Poetry International Poetry International
Artikel
Slotspeech Bas Kwakman

Wat was het?

Tineke de Lange / Pieter Vandermeer
14 juni 2014
Het 45ste Poetry International Festival Rotterdam is geschiedenis. We hebben gelachen, gehuild, maar bovenal hebben we genoten, met volle teugen, van de enorme variëteit aan poëzie, muziek en beeldende kunst die deze week heeft gevuld. Festivaldirecteur Bas Kwakman zette tijdens het slotprogramma vanavond de gebeurtenissen van de afgelopen vijf dagen met de volgende woorden op een rij:
Dames en heren,

Ik ben er nog niet uit. Wat maakte dit festival tot een van de meest bijzondere, een van de meest memorabele van de afgelopen jaren? Is het de bijzondere samenstelling van de dichters en de kwaliteit van hun werk? Het ongelooflijk hard werken van de organisatie?

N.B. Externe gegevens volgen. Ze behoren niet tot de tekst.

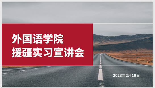 2月19日,外国语学院召开新疆轮台实习宣讲会,鼓励学生踊跃报名接过援疆实习的接力棒。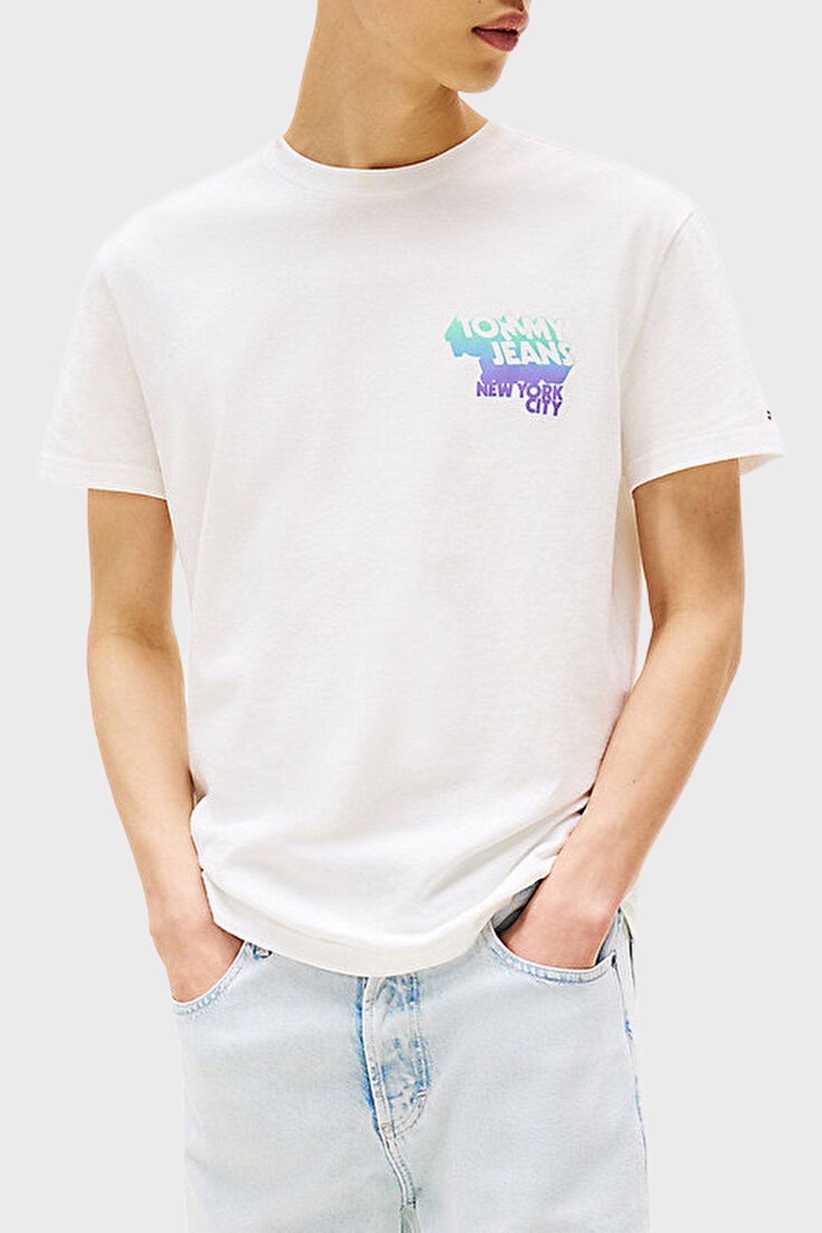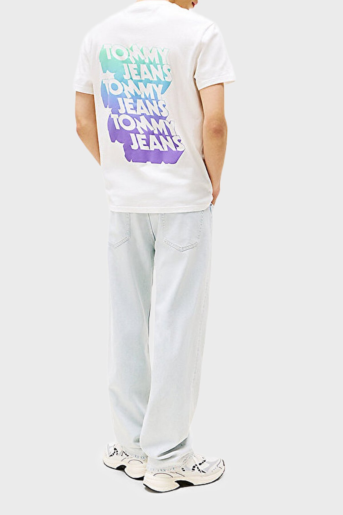 Pamuklu Regular Fit Bisiklet Yaka Sırtta Logo Detaylı Erkek T Shirt DM0DM21589 YBL BEYAZ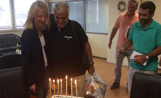 Στη φωτογραφία εικονίζεται με την Περιφερειάρχη Αττικής, Ρένα Δούρου, την ώρα που σβήνει τα κεριά της τούρτας των γενεθλίων του.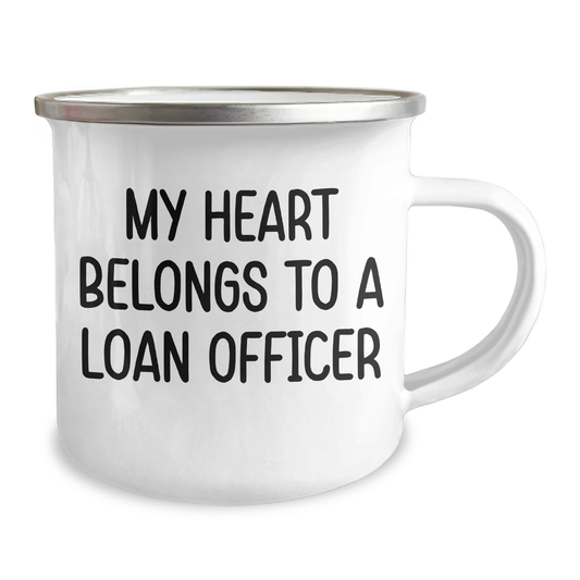 Funny Loan Officer Gifts from Friends, My Heart Belongs To A Loan Officer, 12 oz Camping Mug for Graduation Unique Gifts
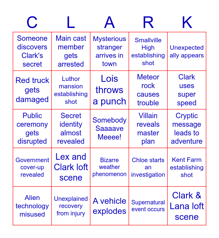 This bingo card has a free space and 50 words: Smallville Medical, Clark & Lana loft scene, A vehicle gets wrecked, A vehicle explodes, Lex and Clark loft scene, Hostage situation, Main cast member gets arrested, Alter ego or personality, Red truck gets damaged, Daily Planet, Luthor mansion establishing shot, Smallville High establishing shot, Kent Farm establishing shot, Chloe starts an investigation, Lex unveils a secret project, Lana in peril, Lois throws a punch, Villain reveals master plan, Kryptonite-induced weakness, Unexpected ally appears, Secret identity almost revealed, Supernatural event occurs, Someone discovers Clark's secret, Meteor rock causes trouble, Emotional goodbye scene, Someone returns from the dead, Clark uses super speed, Kryptonian artifact discovered, Mysterious stranger arrives in town, Bizarre weather phenomenon, Villain has a change of heart, Last-minute rescue, Character has a moral dilemma, Lex manipulates a situation, Unexplained recovery from injury, Major plot twist, Character gets mind-controlled, Justice League reference, Wall of Weird gets updated, Cryptic message leads to adventure, Family secret is uncovered, Time travel or flashback, Underground lab scene, Someone mentions "destiny", Alien technology misused, Public ceremony gets disrupted, Celebrity cameo, Heroic sacrifice, Government cover-up revealed and Supernatural creature sighting.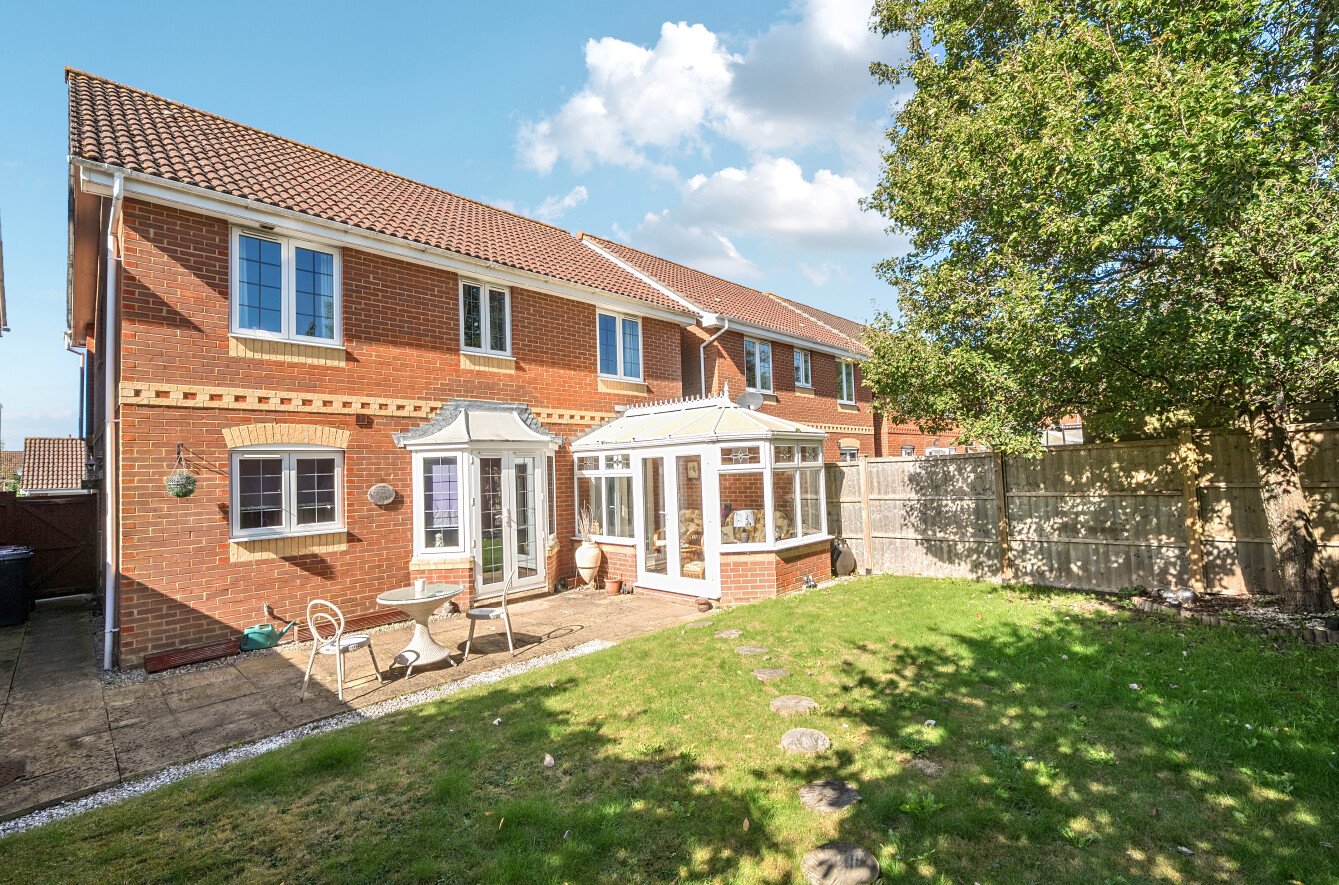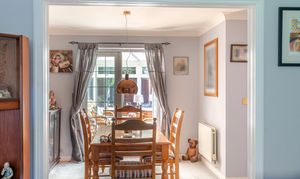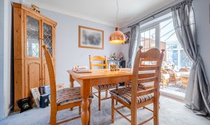 Inside, the property opens to a spacious entrance hall with cloakroom. The open-plan sitting and dining room is bright and airy, with French doors leading into a conservatory that overlooks the garden. The well-proportioned kitchen/breakfast room is fitted with shaker-style cupboards, a breakfast bar, integrated dishwasher, electric oven, gas hob and cooker hood. A utility cupboard provides plumbing for a washing machine and French doors from the breakfast area open directly to the rear garden.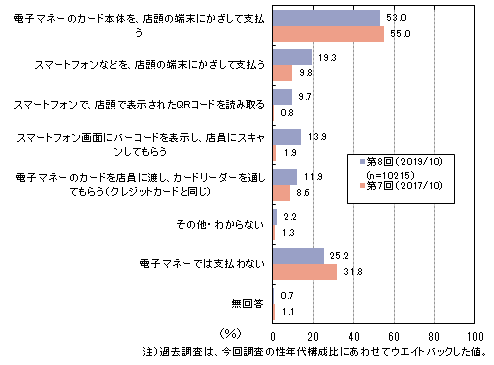 店頭で電子マネーで支払う人は全体の7割強です。「電子マネーのカード本体を、店頭の端末にかざして支払う」は全体の53.0%です。「スマートフォンなどを、店頭の端末にかざして支払う」は19.3%、「スマートフォン画面にバーコードを表示し、店員にスキャンしてもらう」「スマートフォンで、店頭で表示されたQRコードを読み取る」などは各1割前後で、2017年調査より増加しています。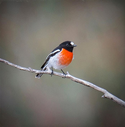 Green and Gold Bell Frog, Scarlet Robin, Diamond Firetail, and Dusky Wood Swallow.

Zijn het de ontroerende en verrassende klanken van countertenor Oscar Verhaar en zijn interpretatie van Jules Deelder? Is het de ontroering van Deelder zelf na het zien van de videoboodschap van Campert? De volle zaal bij de opening? Het Noorse echtpaar dat hun jaarlijkse vakantieweek volledig in de Rotterdamse Schouwburg doorbrengt? Twee vertalers die met hun debat over het woordje ‘de’ het publiek een halfuur tot aan het puntje van hun  stoelen trekken?

Is het de dichter die aan de keukentafel in de Paradijslaan te Kralingen met 5 ukelele-spelers zijn countrysongs repeteert? Zijn het Beavis en Butthead in de Gallerytour, het Schlagergezelschap De Hyacinth en Chet Baker, dope en gin op het podium, de interviews met Geek- en Gangsterpoets, de samenstelling van polymeren en keizersdromen of de steunbetuiging van NRC-journalist Arjen Fortuin aan de eigenwijze keuzes van Poetry International?

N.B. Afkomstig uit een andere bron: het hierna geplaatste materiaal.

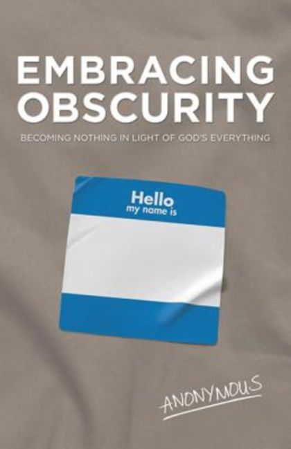 No matter how famous someone might be, the fact remains; most of the other seven billion people on Earth wouldn't know him or her from the next person. Add this reality to one's shrinking recognizability among the multiple billions down through history, and the worldly emphasis on standing out really falls flat; we're all in this obscurity thing together. Ironically, the trouble with me and you and the rest of humanity is not a lack of self-confidence but that we have far too much self-importance. To live and die unnoticed would seem a grave injustice to many. It's all too easy to think we're somebody if our portfolio is strong, there are a few letters after our name, or we're well-known at work, church, or school. As pride creeps in, we are tempted to want more: more recognition, more admiration, more influence, more, more, more. Few have ever given thought to wanting less. That's why we need Embracing Obscurity. Putting the premise into immediate action, an established Christian author electing to remain anonymous writes about living and dying in simplicity, contending that true success, as modeled by Jesus, starts with humility, service, sacrifice, and surrender. Such a life involves mystery and banks on the hope that today is just a dress rehearsal for eternity. When we stop imitating the world and instead choose to embrace obscurity, real life -- chock full of significance, purpose, and renewed passion -- begins.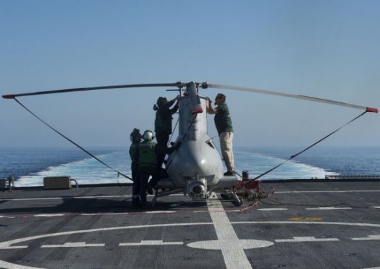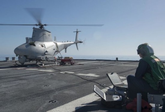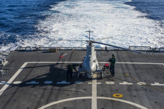 2014年12月17日,美国海军HSM35中队在濒海战斗舰LCS-3沃斯堡舰上测试MQ-8B“火力侦察兵”无人作战侦察直升机,测试海域在西里伯斯海。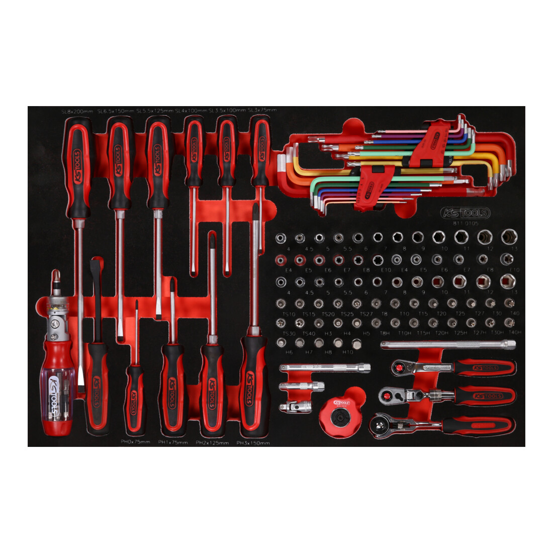 KS TOOLS Jeu de clés à douille et de tournevis 1/4' dans insert en mousse, 105 pcs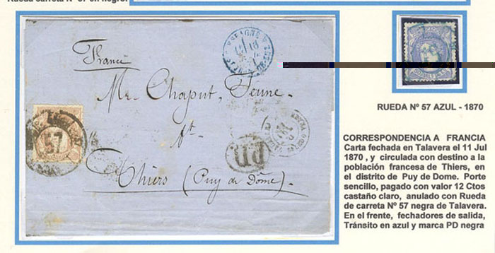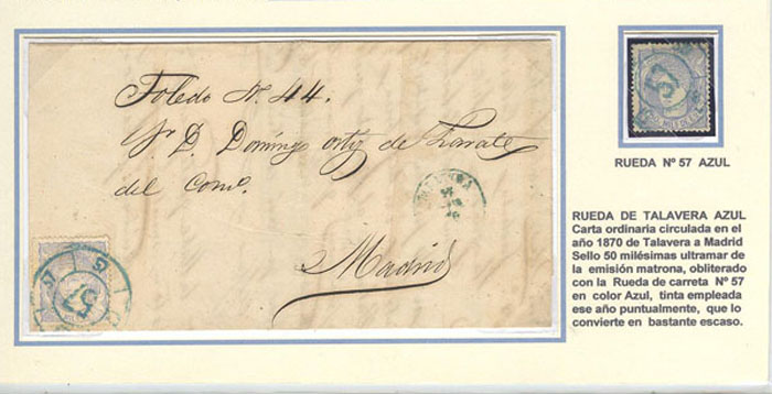 La 57 de Talavera, tiene reconocido y confirmado su uso hasta 1871 con toda asiduidad, es más, en 1870 se estampó en dos colores, negro y azul.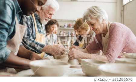 Seniors shaping clay in pottery workshop, enjoying creative group activity for active aging.
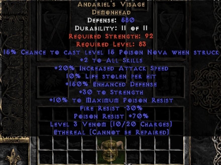Andariel's Visage - Ethereal - 10% LL/30 Str/150% ED - PerfectLieferzeit: 1-12 Stunden |

Zijn het de internationale festivaldirecteuren die denken dat ze in de hemel zijn beland? De oplichtende mobieltjes in een volle zaal kleine tijdens Poetry & Science als er weer een doelpunt is gevallen? De variëteit van de letter ‘y’ in de Franse en Nederlandse taal, de vloekende, boerende en rokende matrone die poëzie schrijft,  zijn het alle zelfverzekerden die op weg zijn naar Zaal Paardenbloem.

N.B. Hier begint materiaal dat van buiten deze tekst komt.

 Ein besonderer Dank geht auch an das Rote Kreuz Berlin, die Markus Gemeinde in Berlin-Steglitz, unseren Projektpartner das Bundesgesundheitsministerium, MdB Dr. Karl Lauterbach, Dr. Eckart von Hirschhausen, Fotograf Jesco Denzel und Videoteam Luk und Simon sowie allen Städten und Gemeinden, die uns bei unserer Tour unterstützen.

Zijn het de kunstenaar en de dichter die een uur lang hardop tellen, is het de rol van 2000 zijden stropdassen, het draaiboek van het gezinsontbijt, een bok die zich aan de burgerwet houdt, de zon die op een schip werkt, is het de knoflook van een gedachte, is het de taal van honden en hoe je een paard het best kan beledigen, het aantal maaltijden dat je op kan zonder te bezwijken onder je vorderingen, het overtuigende bewijs dat Kojak de beste serie ooit is, is het de koffie in clublokaal ‘solidair paraat’, is het de tent van getuigenissen of de jas van Abraham Lincoln, de man die 80 jaar op zijn vader wachtte, zijn het de blotekeizerschillen, de wankele grond onder het meisje voor de spiegel, is het Shaka Zulu zelve en zijn gevolg van smurfen?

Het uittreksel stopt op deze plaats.